We developed a method, called MiRAI [1], that uses distributional semantics to reveal new information that is attached to miRNAs and diseases. Our basic approach represents distributional information on miRNAs and diseases in a high-dimensional vector space and defines the associations between miRNAs and diseases in terms of vector similarities. The distributional hypothesis is the basis of statistical natural language processing; it states that the meaning of words can be determined by the context in which the words are used. In our case study, we can consider that miRNAs represent words, and therefore, data associated with miRNAs play the role of context. By keeping the analogy, the goal is then to use the available information on the miRNAs as a whole (context) to infer new knowledge regarding the miRNAs (words). A vector space model is an algebraic model for representing objects as vectors. The principle is that each component of a vector is represented by a value (a weight) that should quantify the importance of a feature in the modelized object. Whole text studies use techniques such as Latent Semantic Analysis (LSA) to process vectors from a vector space model. For textual data, there are many ways to calculate the weights. Among these methods, variations of the popular term frequency–inverse document frequency weighting scheme (TF-IDF), which involves multiplying the Inverse Document Frequency measure by a Term Frequency measure are frequently used. In our scenario, the vectors that represent the objects to be analyzed (miRNAs) are not homogeneous. In addition to associations between miRNAs and words extracted from plain text documents, we must also represent the relationships beween the miRNAs and diseases, targets, families or neighboring miRNAs. Links between miRNAs and diseases, targets or families consist of binary information that depends on the existence or not of an association. Neighboring relationships between miRNAs are expressed as integers that represent a distance along a chromosome in base pairs. For textual data, for which LSA is well suited, we applied the TF-IDF weighting scheme. For other data, it was necessary to determine a weighting scheme that could represent the importance of the link between each miRNA and the associated data.

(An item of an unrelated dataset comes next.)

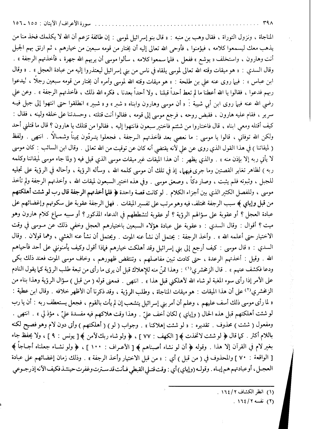 ( فَلَمَّا أَخَذَتْهُمُ الرَّجْفَةُ قَالَ رَبّ لَوْ شِئْتَ أَهْلَكْتَهُم مّن قَبْلُ وَإِيَّاىَ ). سبب الرجفة مختلف فيه وهو مرتب على تفسير الميقات فهل الرّجفة عقوبة على سكوتهم وإغضائهم على عبادة العجل أو عقوبة على سؤالهم الرؤية أو عقوبة لتشططهم في الدعاء المذكور أو سببه سماع كلام هارون وهو ميت أقوال . وقال السدّي : عقوبة على عبادة هؤلاء السبعين باختيارهم العجل وخفي ذلك عن موسى في وقت الاختيار حتى أعلمه الله وأخذ الرّجفة يحتمل أن نشأ عنه الموت ويحتمل أن نشأ عنه الغشي وهما قولان ، وقال السدّي قال موسى : كيف أرجع إلى بني إسرائيل وقد أهلكت خيارهم فماذا أقول وكيف يأمنونني على أحد فأحياهم الله ، وقيل أخذتهم الرّعدة حتى كادت تبين مفاصلهم وتنتقض ظهورهم وخاف موسى الموت فعند ذلك بكى ودعا فكشف عنهم ، قال الزمخشري : وهذا تمنّ منه للإهلاك قبل أن يرى ما رأى من تبعة طلب الرؤية كما يقال النادم على الأمر إذا رأى سوء المغبّة لو شاء الله لأهلكني قبل هذا انتهى . فمعنى قوله ) مِن قَبْلُ ( سؤال الرّؤية وهذا بناء من الزمخشري على أنّ هذا الميقات هو ميقات المناجاة وطلب الرؤية وقد ذكرنا أنّ الأظهر خلافه ، وقال ابن عطية لما رأى موسى ذلك أسف عليهم وعلم أن أمر بني إسرائيل يتشعّب إن لم يأتِ بالقوم فجعل يستعطف ربه أن يا رب لو شئت أهلكتهم قبل هذه الحال وإياي لكان أخفّ عليّ وهذا وقت هلاكهم فيه مفسدة عليّ مؤذٍ لي انتهى ، ومفعول ) شِئْتَ ( محذوف تقديره لو شئت إهلاكنا وجواب ) لَوْ أَهْلَكْتَهُم ( وأتى دون لام وهو فصيح لكنه باللام أكثر كما قال ) لَوْ شِئْتَ لاَتَّخَذْتَ ( ) وَلَوْ شَاء رَبُّكَ لآمَنَ ( ، ولا يحفظ جاء بغير لام في القرآن ألا هذا وقوله ) أَن لَّوْ نَشَاء أَصَبْنَاهُمْ ( و ) لَوْ نَشَاء جَعَلْنَاهُ أُجَاجاً ( والمحذوف في ) مِن قَبْلُ ( أي من قبل الختيار وأخذ الرّجفة وذلك زمان إغضائهم على عبادة العجل أو عبادتهم هم أياه وقوله ) وَإِيَّاىَ ( أي وقت قتلي القبطي فأنت قد سترت وغفرت حينئذ فكيف الآن إذ رجوعي

Our work allowed associating new miRNAs with diseases. For diseases where the research efforts on miRNAs are less important, we suggest lists of putative candidates to target as a priority in future laboratory experiments. Some strange results were observed, which highlighted putative false associations that are stored in databases. During cancer development, the chronic activations of the inflammatory response influence the pattern of circulating miRNAs. Our method could provide a solution to this difficulty by highlighting the components that belong to this noise.

Study of triplex topology.

Double-stranded DNA is able to form triple-helical structures by accommodating a third nucleotide strand. The ‘triplex-forming oligonucleotide’ can be a short sequence of RNA that binds the major groove of the targeted duplex only when this latter presents a sequence of purine or pyrimidine bases in one or the other DNA strand. Many nuclear proteins are known to bind triplex but their biological functions are still understudied.

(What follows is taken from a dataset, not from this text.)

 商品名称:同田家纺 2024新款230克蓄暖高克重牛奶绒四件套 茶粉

We identified the sequences capable to engage in ‘triplex-forming oligonucleotide’ in both lncRNA and mRNA collection of Drosophila melanogaster. These motifs were matched against Drosophila genome in order to identify putative sequences of triplex formation in intergenic regions, promoters and introns/exons. The Gene Ontology analysis was used to test the GO term enrichment of genes associated to these sequence lists. Significant enriched gene networks among the lists are linked to potential perfect triplex according to the Hoogsteen pairing rules. Potential triplex structures that are embedded in Drosophila genome networks appear to localize selectively in gene networks that involve embryogenesis and developmental biology of larvae. Within these networks the triplex structures seem to target neurogenesis at high frequency. The triplex mapping analysis on full genome scale suggests a massive epigenetic regulatory process of gene networks.

References

1. Pasquier C, Sanhes J, Flouvat F, Selmaoui-Folcher N: Frequent pattern mining in attributed trees: algorithms and applications. Knowledge and Information Systems 2016, 46:491–514.